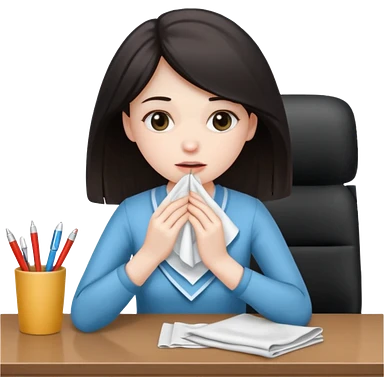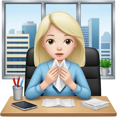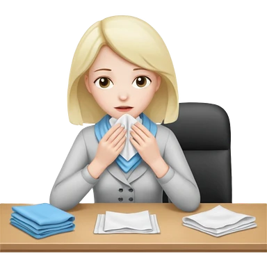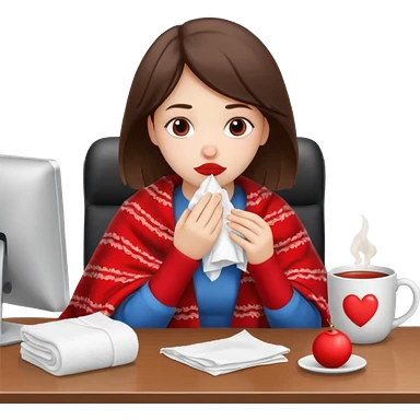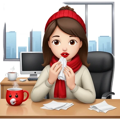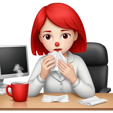 хвора дівчина сидить в офісі за столом, у неї в руках хустинка, червоний ніс, на столі серветки, чай emoji | AI Emoji Generator
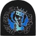 Acrylic beanie with printed logo on front and printed graphic on back. Original artwork by Andre Thompson.
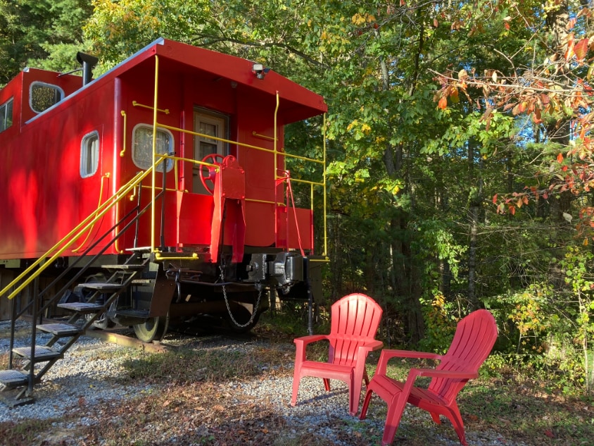 Come spend some time in a real, completely refurbished railroad caboose (with all the modern amenities) just off the Blue Ridge Parkway at Orchard Gap, approximate mile 193.5. Probably the most unique lodging along the Blue Ridge Parkway. We now have disc golf baskets and discs as well as cornhole sets. Pet owners please read the pet policy under additional rules. We DO NOT have any cleaning fees, never have. The service fees are not ours.
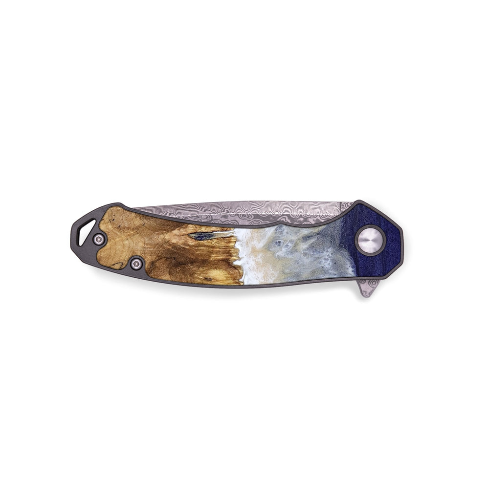 Experience the perfect blend of form and function with our durable folding pocket knife, featuring a lightweight titanium handle. The Damascus stainless steel blade is complemented by a unique wood burl and resin inlay. Imported blade and handle.

========

• Directions for this task
Copy the material exactly. Do not include the pictures.

• Response area
 хвора дівчина сидить в офісі за столом, у неї в руках хустинка, червоний ніс, на столі серветки, чай emoji | AI Emoji Generator
 Acrylic beanie with printed logo on front and printed graphic on back. Original artwork by Andre Thompson.
 Come spend some time in a real, completely refurbished railroad caboose (with all the modern amenities) just off the Blue Ridge Parkway at Orchard Gap, approximate mile 193.5. Probably the most unique lodging along the Blue Ridge Parkway. We now have disc golf baskets and discs as well as cornhole sets. Pet owners please read the pet policy under additional rules. We DO NOT have any cleaning fees, never have. The service fees are not ours.
 Experience the perfect blend of form and function with our durable folding pocket knife, featuring a lightweight titanium handle. The Damascus stainless steel blade is complemented by a unique wood burl and resin inlay. Imported blade and handle.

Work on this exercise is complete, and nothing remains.